Indessen stöbern wir weiter bei alten Leuten.
Den Namen „Heiselfried“ haben bis in die jüngste Zeit mehrere bekannte und geachtete Männer des Ortes getragen. Der „Heiselfried“ selber, mit seinem wirklichen Namen Gottfried Arnold, hat vor 250 Jahren gelebt. Er war „Häuselmann“ in Böhmisch-Reitzenhain und hat 1692 nach Kühnhaide geheiratet. Er ist der Stammvater aller in Kühnhaide und Reitzenhain ansässig gewesenen Arnold. Aber wer von ihnen mag es später noch gewußt haben, wie er zu dem Namen „Heiselfried“ kam, wem von ihnen mag noch eine Erinnerung geblieben sein von jenem vergessenen Häusel in Böhmisch-Reitzenhain, aus dem der Stammvater einst kam!
In Kühnhaide gibt es weiter einen vielverzweigten Familienstamm, dem der Name „Tefel“ anhängt. Nehmen wir gleich die bekannteste Vertreterin dieses Stammes, die „Tefel-Emma“. Sie hat schon, als wir noch Kinder waren, die unvergleichlichen Weinbeeren zur Kirmes an uns verkauft und tut es heute – mit 80 Jahren – immer noch. Sie freilich hat es gewußt, von wem sie ihren Spitznamen hat (aber das ist eine seltene Ausnahme), nämlich von ihrem Ururgroßvater Theophilus Langer, der 1766 als Wagner in Reitzenhain gestorben ist. Ob seine nach Kühnhaide übergesiedelten Nachkommen das Namenserbteil ihres Ahnherrn jemals restlos wieder loswerden? Es besteht einstweilen gar keine Hoffnung.
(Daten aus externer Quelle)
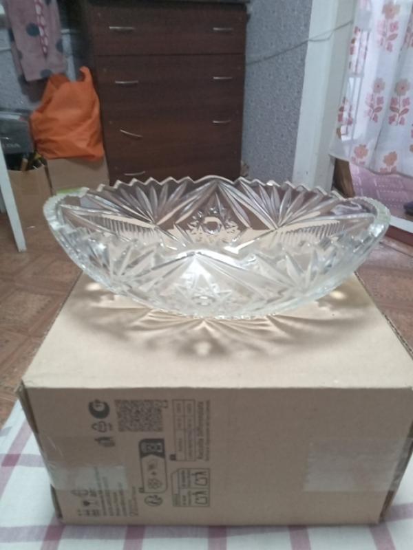 большая,массивная,натуральный хрусталь,цела,все хорошо, но есть следы использования...на дне полей.царапинка и чуточку загрязнена...требубы почистить
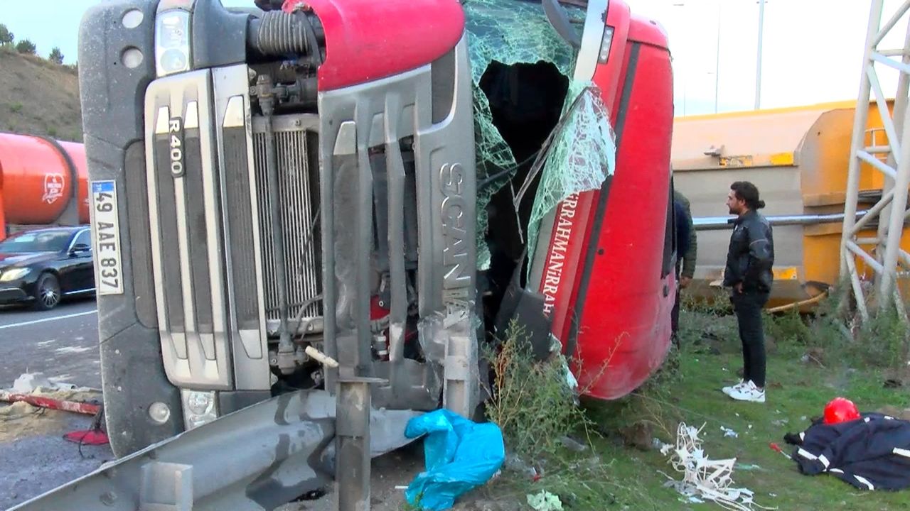 Kaza saat 15.30 sıralarında Eyüpsultan Kuzey Marmara Otoyolu Başakşehir istikametinde meydana geldi. 49 AAE 837 plakalı kum yüklü hafriyat kamyonunun sağ ön lastiği seyir halindeyken patladı. Lastiğin patlamasıyla kontrolden çıkan kamyon yan yatarak bariyerlere çarptı. Çevredekilerin ihbarı üzerine adrese itfaiye, acil sağlık ve polis ekipleri geldi. Sağlık ekiplerinin kontrollerinde kazada yaralandığı belirlenen kamyon şoförü olay yerindeki ilk müdahalenin ardından ambulansla hastaneye kaldırıldı. Kazada kamyondan dökülen kumlar sebebiyle Başakşehir istikametinde trafik yoğunluğu oluştu. Kamyonun çekici yardımıyla kaldırılmasının ardından trafik akışı normale döndü. (DHA)

Der „Hirtenhans“, ein Johann Christoph Hunger, ist weit über 100 Jahre tot. Sein Vater war Gemeindehirt von Kühnhaide; denn damals wurde das ganze Vieh des Dorfes noch in gemeinsamer „Hut“ zur Weide in den Wald getrieben. Sein jüngerer Bruder Gottfried hieß im Volksmund der „Friedel“. Er wie sein Bruder wird zum Stammvater einer weitverzweigten Hungergruppe in Kühnhaide. Da gibt es heute einen „Friedelkarllob-Fritzadolf“. Er ist zur Zeit 80 Jahre alt. Vermittels seines Spitznamens kann er sich heute noch als Ururenkel des „Friedel“ einwandfrei ausweisen; etwas Näheres über seinen Ahnherrn wird er aber schwerlich zu sagen wissen.